» **Collected data**:
******

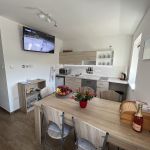 kuchyň: mikrovlnná trouba, rychlovarná konvice, lednice, myčka nádobí, varná deska (2x plotýnka), standardní vybavení –nádobí-talíře-hrnky-příbory atd.
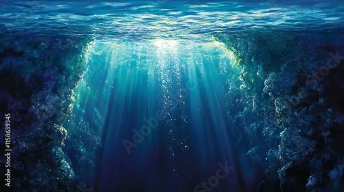Obraz premium surreal underwater scene as if gazing down into an endless abyss from above.
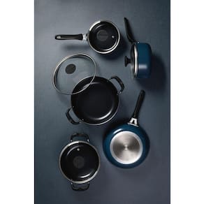 Jogo De Panelas Tramontina Tunis 5pçs Azul Sua cozinha transformada e o preparo das suas refeições muito mais prático, com o jogo de panelas Tramontina Tunis em alumínio com revestimento interno cerâmico e externo siliconado azul meditarrâneo 5 peças. Perfeito para lhe acompanhar diariamente, ele é composto por duas panelas, duas caçarolas e uma frigideira funda, todas produzidas em alumínio com revestimento interno cerâmico. Seu utensílio resiste à máquina de lavar louças, embora diferentes detergentes para uso nestas máquinas podem ser mais agressivos e acelerar o desgaste de seu utensílio e reduzir as propriedades de antiaderência Elas cozinham os alimentos de maneira rápida e uniforme, garantindo um preparo eficiente das suas receitas. Externamente as peças são siliconadas, tem fundo de indução e contam com cabo metálico protegido por silicone, que oferece maior segurança e conforto no manuseio. Elas ainda são versáteis e podem ser utilizadas em fogões à gás, elétricos, de indução e vitrocerâmicos resistência elétrica . Conte com a Tramontina e tenha uma rotina muito mais prática e eficiente CONTEÚDO: Frigideira Funda : 24cm - 2,9 litros Panela: 16cm - 1,3 litros Panela: 18cm - 2 litros Caçarola: 20cm - 2,9 litros Caçarola: 24cm - 4,8 litros

******

» **Problem description**:
Return the material above verbatim. Pictures are to be excluded.

» **Written solution**:
 kuchyň: mikrovlnná trouba, rychlovarná konvice, lednice, myčka nádobí, varná deska (2x plotýnka), standardní vybavení –nádobí-talíře-hrnky-příbory atd.
Obraz premium surreal underwater scene as if gazing down into an endless abyss from above.
 Jogo De Panelas Tramontina Tunis 5pçs Azul Sua cozinha transformada e o preparo das suas refeições muito mais prático, com o jogo de panelas Tramontina Tunis em alumínio com revestimento interno cerâmico e externo siliconado azul meditarrâneo 5 peças. Perfeito para lhe acompanhar diariamente, ele é composto por duas panelas, duas caçarolas e uma frigideira funda, todas produzidas em alumínio com revestimento interno cerâmico. Seu utensílio resiste à máquina de lavar louças, embora diferentes detergentes para uso nestas máquinas podem ser mais agressivos e acelerar o desgaste de seu utensílio e reduzir as propriedades de antiaderência Elas cozinham os alimentos de maneira rápida e uniforme, garantindo um preparo eficiente das suas receitas. Externamente as peças são siliconadas, tem fundo de indução e contam com cabo metálico protegido por silicone, que oferece maior segurança e conforto no manuseio. Elas ainda são versáteis e podem ser utilizadas em fogões à gás, elétricos, de indução e vitrocerâmicos resistência elétrica . Conte com a Tramontina e tenha uma rotina muito mais prática e eficiente CONTEÚDO: Frigideira Funda : 24cm - 2,9 litros Panela: 16cm - 1,3 litros Panela: 18cm - 2 litros Caçarola: 20cm - 2,9 litros Caçarola: 24cm - 4,8 litros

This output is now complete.